# Ghost Mantis Mites



## ghostpkmn (Oct 23, 2021)

My ghost mantis has mites, presumably from her flies. I’ve tried removing them with a wet q-tip but it’s quite difficult to get them off and she is not a big fan of the whole process. Does anyone have any tips for keeping mites at bay? I clean my fly containers in between batches of flies but it doesn’t seem to be doing much. Is it the wood shaving that generally come with the maggots? Should I be removing it? If anyone can help please let me know!


----------



## Mystymantis (Oct 25, 2021)

I find grain mites a very annoying battle as well. They never seem to go away completely and pop up out of no where! One way is to put the fly containers on anti mite paper. Just be sure not to get the anti mite paper, which is poison, into contact with the flies or mantises.
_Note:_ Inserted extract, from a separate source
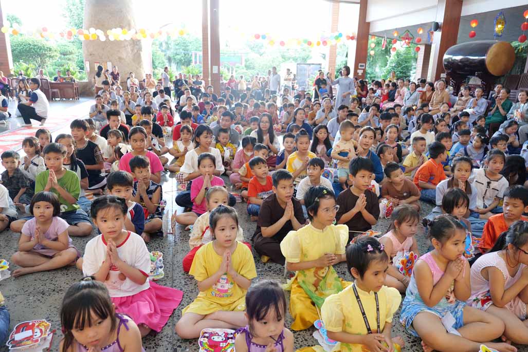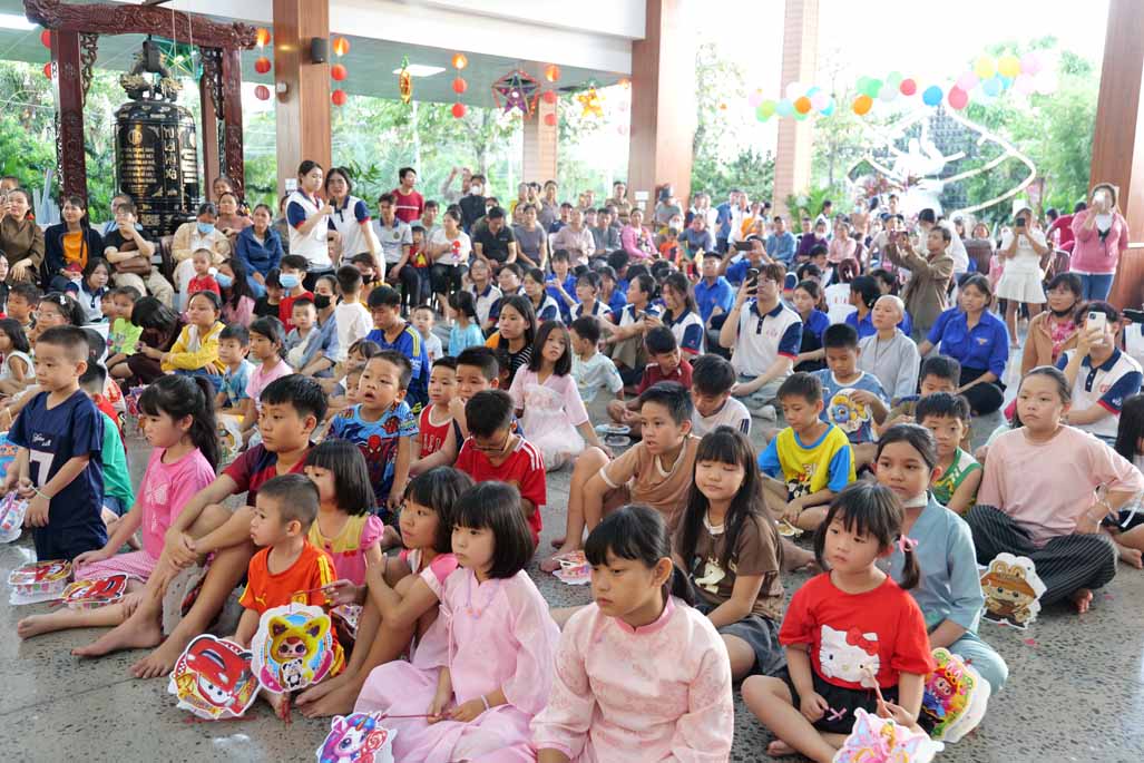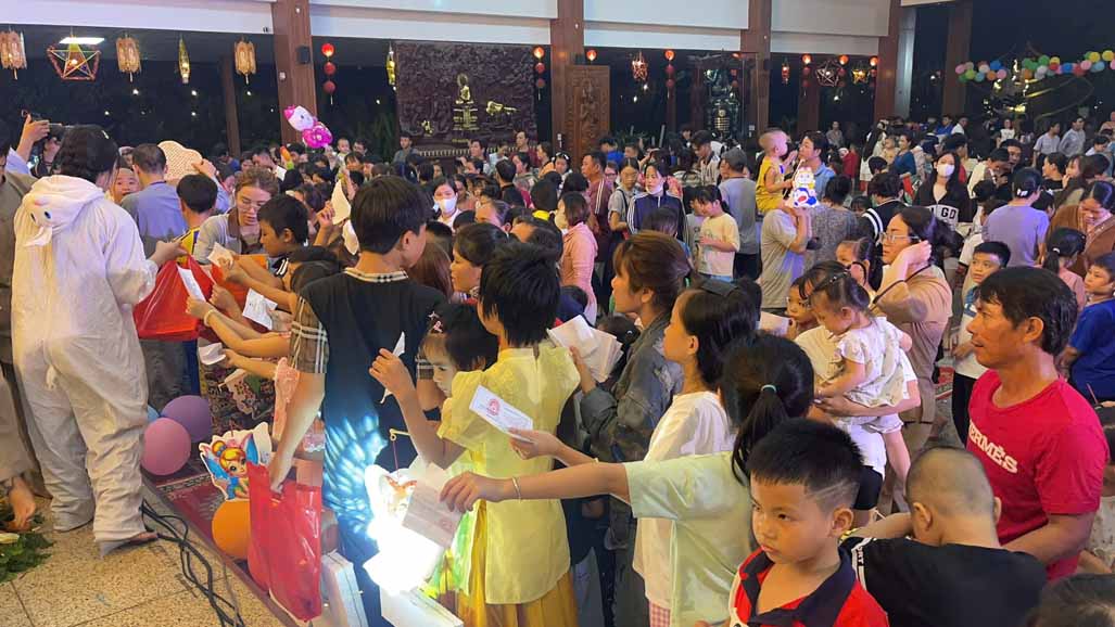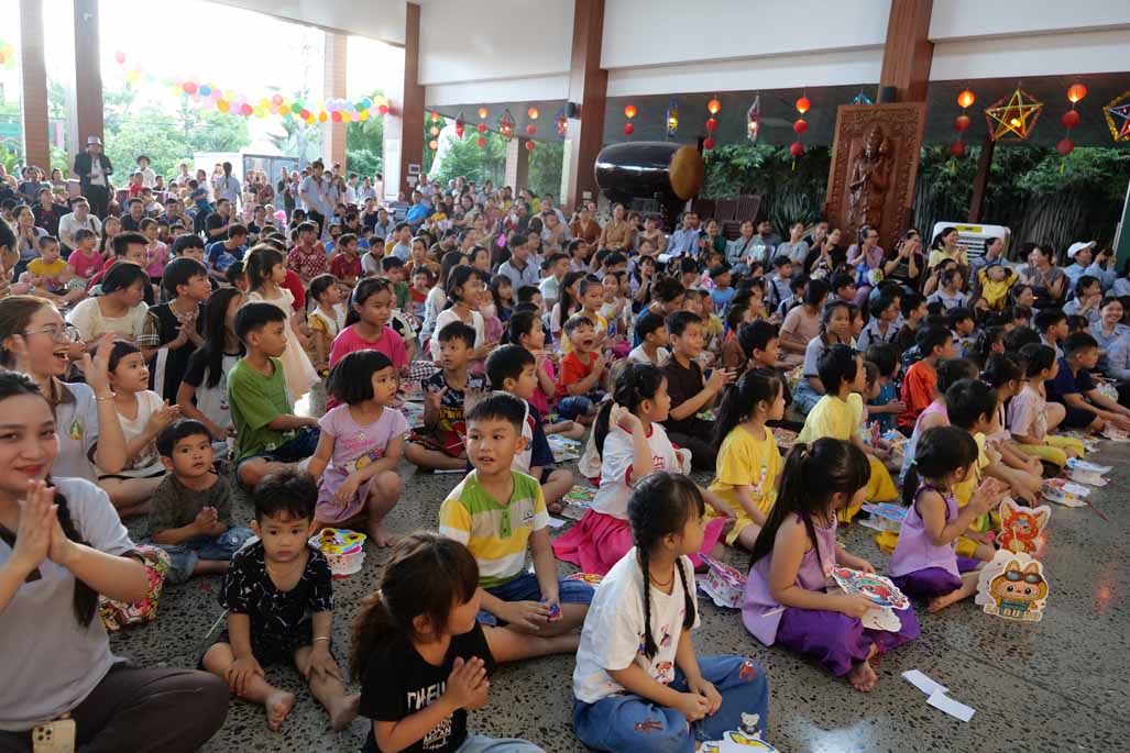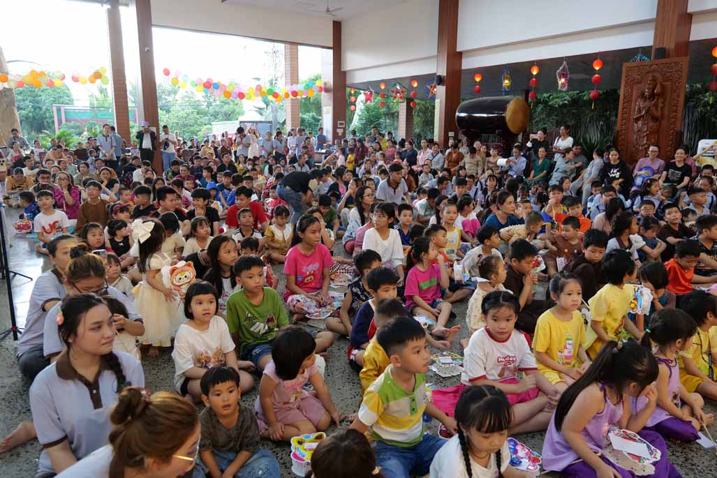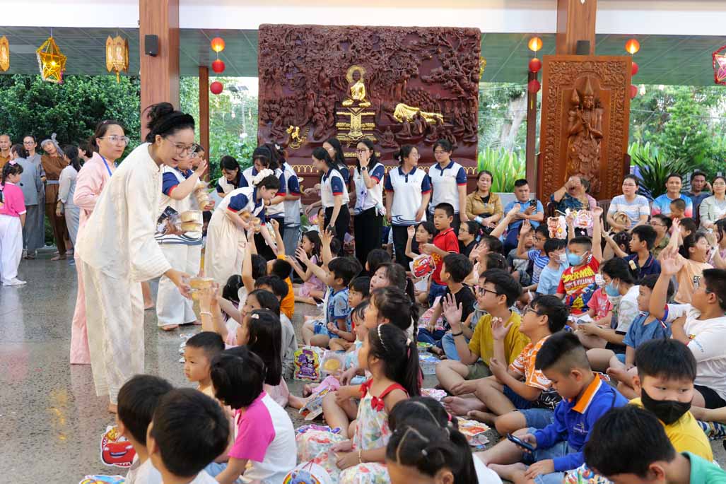 Phần được mong chờ nhất là trao quà Trung Thu cho hơn 1000 em thiếu nhi. Những phần quà gồm bánh, kẹo, sữa, lồng đèn và phong bao lì xì nhỏ được Ni sư Diệu Hiếu, chư Ni cùng Phật tử Tu viện Long Hưng trao tận tay cho từng em, kèm lời chúc: An lành – Học giỏi – Ngoan hiền.

The best way is to clean out the fly colonies every few weeks which should keep them at bay. If you have mites inside your mantis cages then it is most likely in the wood somehow. So I would remove it?


----------



## hibiscusmile (Nov 1, 2021)

Yeah you really do not need substrate, they are fine without it. I use the mite paper too and never have a problem with them now.

it would not hurt to give her a little tub of warm water to move around into see if they float off. Dont make her stay in as they breath thru their bodies. But  remove all things in her house and clean it and the items god before putting her back in and repeat the process within one week until you see they are gone.


----------